Provided records:

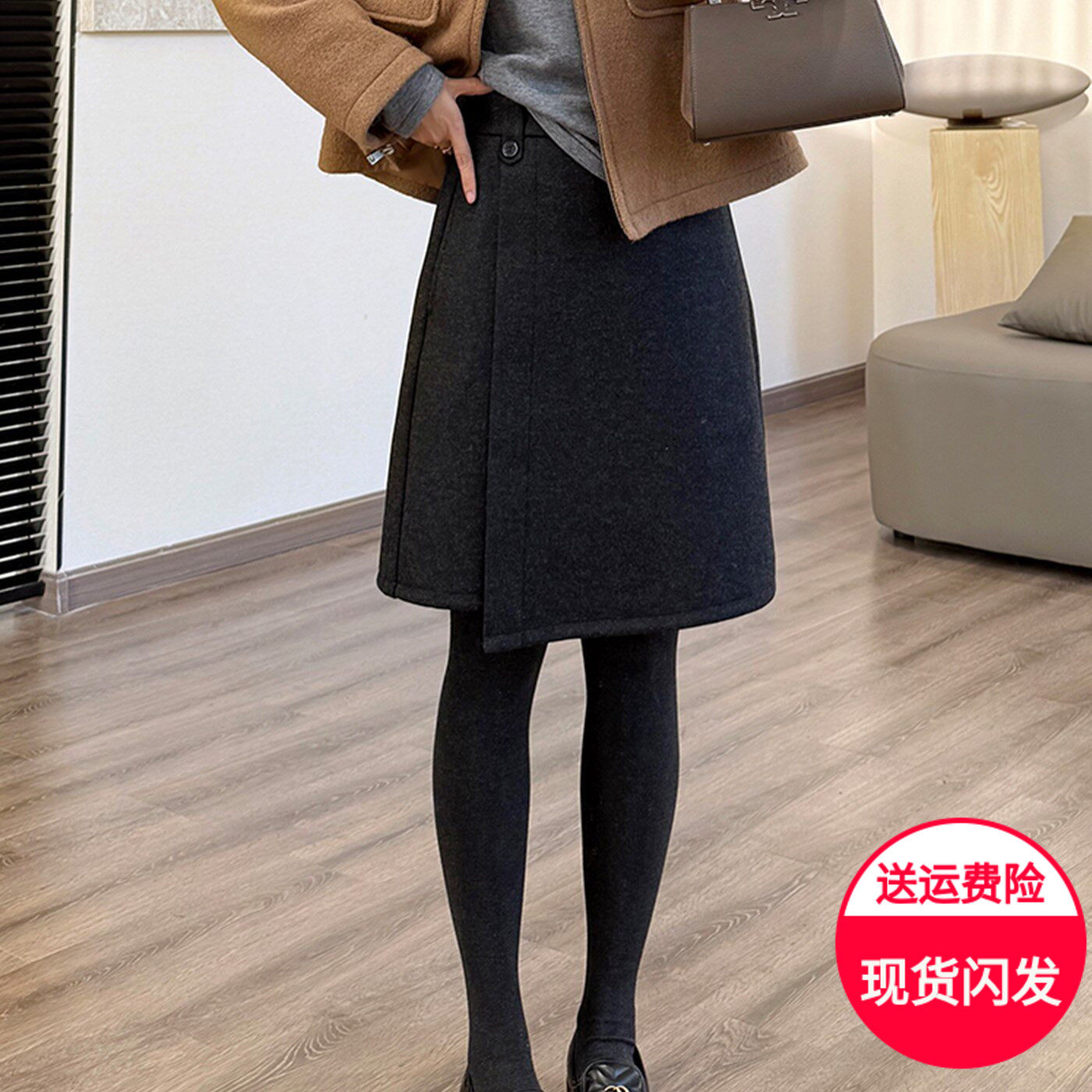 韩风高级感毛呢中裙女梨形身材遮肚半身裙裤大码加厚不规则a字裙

...

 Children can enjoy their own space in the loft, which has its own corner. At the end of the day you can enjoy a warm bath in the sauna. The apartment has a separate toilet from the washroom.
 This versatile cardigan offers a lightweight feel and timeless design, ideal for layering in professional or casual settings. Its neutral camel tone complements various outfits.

...

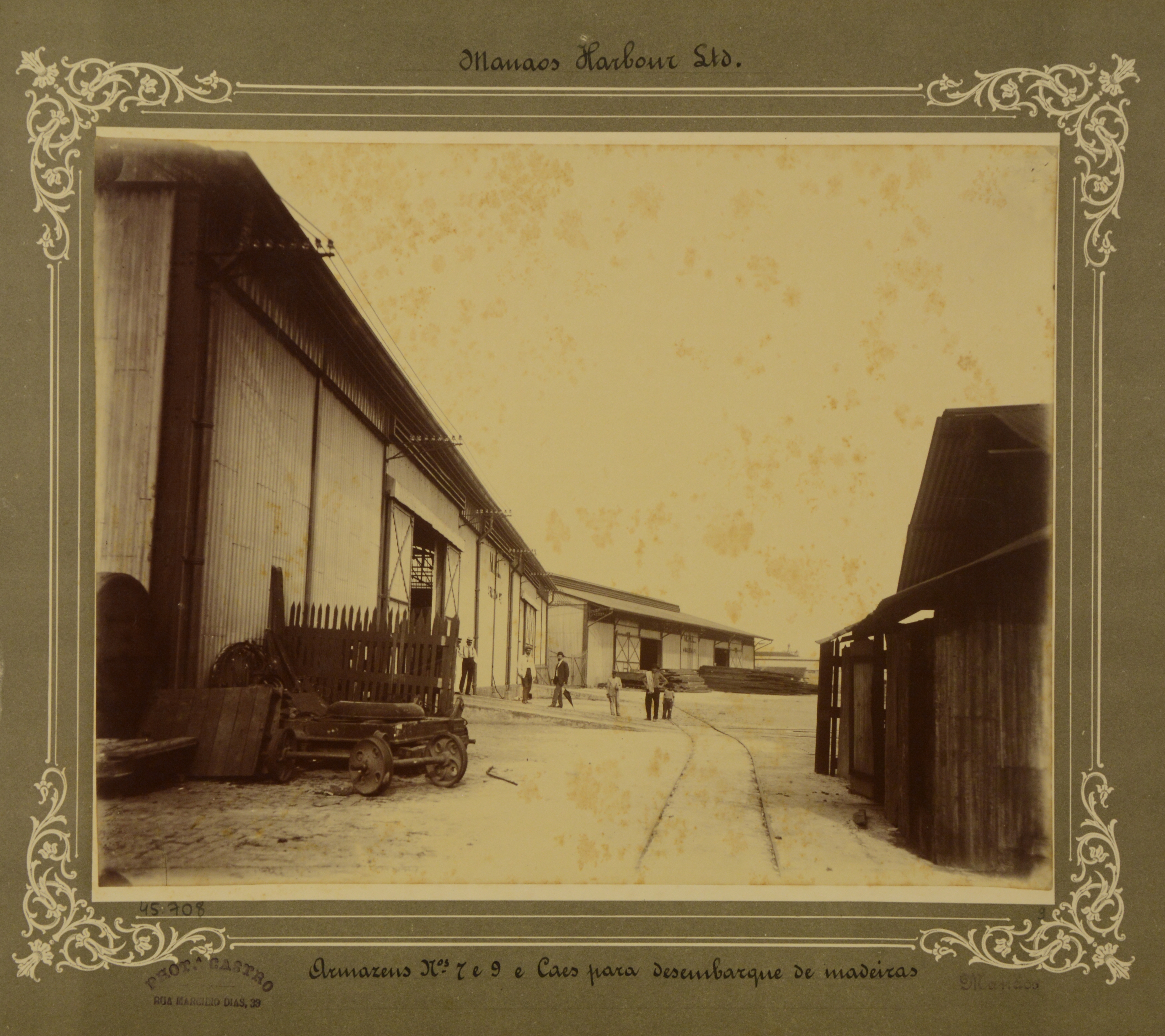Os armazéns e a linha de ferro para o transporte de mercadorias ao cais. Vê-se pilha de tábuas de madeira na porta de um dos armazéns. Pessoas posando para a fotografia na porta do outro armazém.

Activity: Write out exactly the lines above from the line with "Children can enjoy" through the line with "This versatile cardigan", both of them included, and leave out all other lines.

Solution to this task:
 Children can enjoy their own space in the loft, which has its own corner. At the end of the day you can enjoy a warm bath in the sauna. The apartment has a separate toilet from the washroom.
 This versatile cardigan offers a lightweight feel and timeless design, ideal for layering in professional or casual settings. Its neutral camel tone complements various outfits.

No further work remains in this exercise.